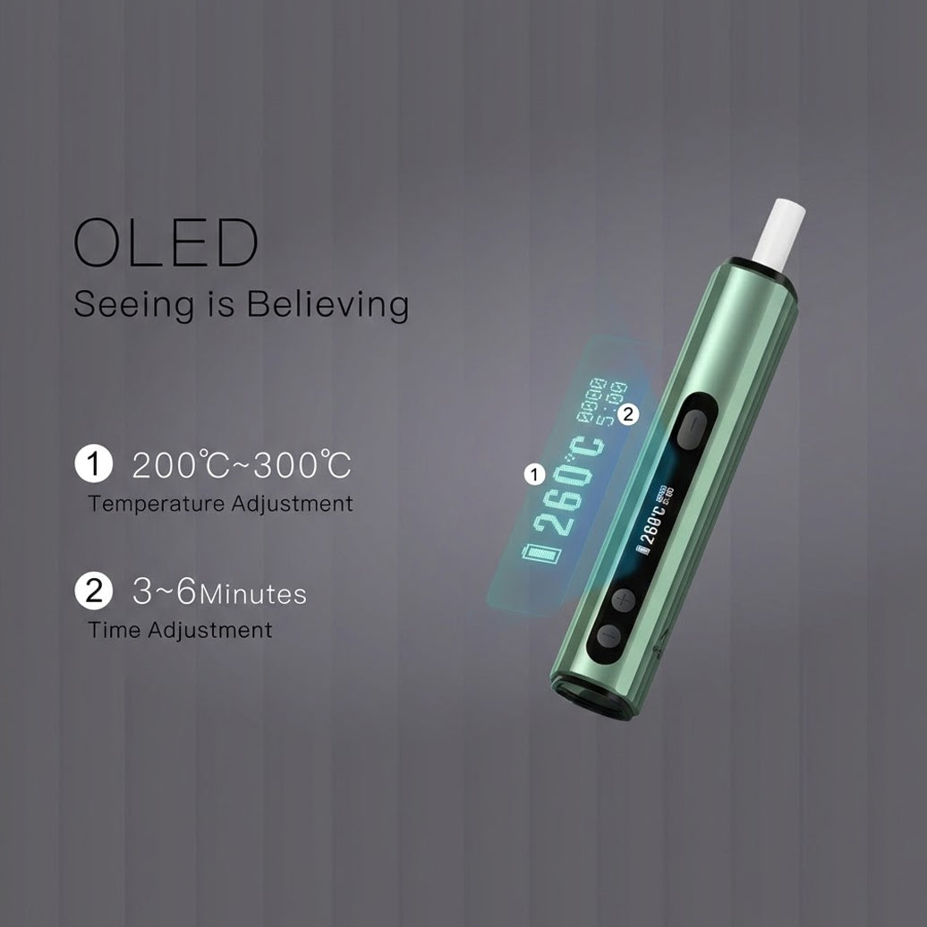 With its 3200mAh battery, the device can deliver up to 40 consecutive sessions. For a moderate user (one pack a day), a single charge can last nearly two days. Heavy users may need to charge it once daily. The OLED screen always displays the current battery percentage.
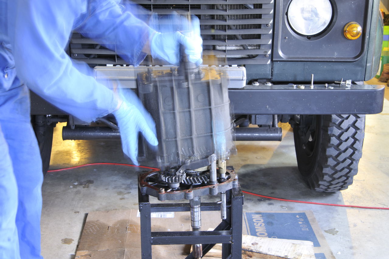 Sous le support du levier, on remarque que sur les Discos, le levier de vitesse commande directement l'axe de sélection de la BV. L'axe de sélection est donc différent et plus court que celui des LT77 des Defenders.
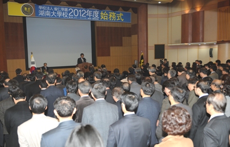 Çб³¹ýÀÎ ¼ºÀÎÇпø È£³²´ëÇб³(ÀÌ»çÀå ¹Ú±âÀÎ)´Â 3ÀÏ ¿ÀÀü 10½Ã30ºÐ ±¤»êÄ·ÆÛ½º ±¹Á¦È¸Àǽǿ¡¼ ¹Ú±âÀÎ ÀÌ»çÀå°ú ¼°¼® ÃÑÀåÀ» ºñ·Ô, 500¿©¸íÀÇ ±³Á÷¿øÀÌ Âü¼®ÇÑ °¡¿îµ¥ 2012³âµµ ½Ã¹«½ÄÀ» °¡Á³´Ù.
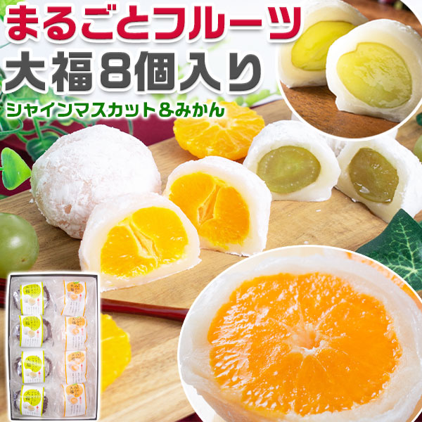 | 商品名 | まるごとフルーツ大福 8個入り (シャインマスカット大福4個、みかん大福4個 合計8個入り) フルーツ大福 ギフト 和菓子 新杵堂 プレゼント 贈物 スイーツ 母の日や父の日 送料無料 |
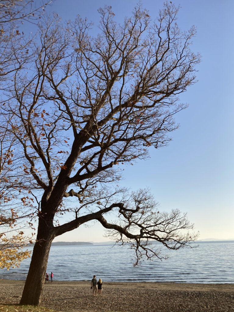 The forest floor at North Beach is covered by Red Oak leaves. Most of the deciduous trees have lost their leaves besides some Oak. The pines on the evergreens and the vibrant green and yellow Norway Maples stand out among bare branches. I heard a lot of squirrels that were chasing after each other in the leaves.

### WHAT TO WORK ON
Look above for the line containing "¹Ú±âÀÎ)´Â 3ÀÏ ¿ÀÀü"; output that line and all lines after it through the last one exactly, without the pictures.

### ANSWER FOR THIS EXERCISE
 Çб³¹ýÀÎ ¼ºÀÎÇпø È£³²´ëÇб³(ÀÌ»çÀå ¹Ú±âÀÎ)´Â 3ÀÏ ¿ÀÀü 10½Ã30ºÐ ±¤»êÄ·ÆÛ½º ±¹Á¦È¸Àǽǿ¡¼ ¹Ú±âÀÎ ÀÌ»çÀå°ú ¼°¼® ÃÑÀåÀ» ºñ·Ô, 500¿©¸íÀÇ ±³Á÷¿øÀÌ Âü¼®ÇÑ °¡¿îµ¥ 2012³âµµ ½Ã¹«½ÄÀ» °¡Á³´Ù.
 | 商品名 | まるごとフルーツ大福 8個入り (シャインマスカット大福4個、みかん大福4個 合計8個入り) フルーツ大福 ギフト 和菓子 新杵堂 プレゼント 贈物 スイーツ 母の日や父の日 送料無料 |
 The forest floor at North Beach is covered by Red Oak leaves. Most of the deciduous trees have lost their leaves besides some Oak. The pines on the evergreens and the vibrant green and yellow Norway Maples stand out among bare branches. I heard a lot of squirrels that were chasing after each other in the leaves.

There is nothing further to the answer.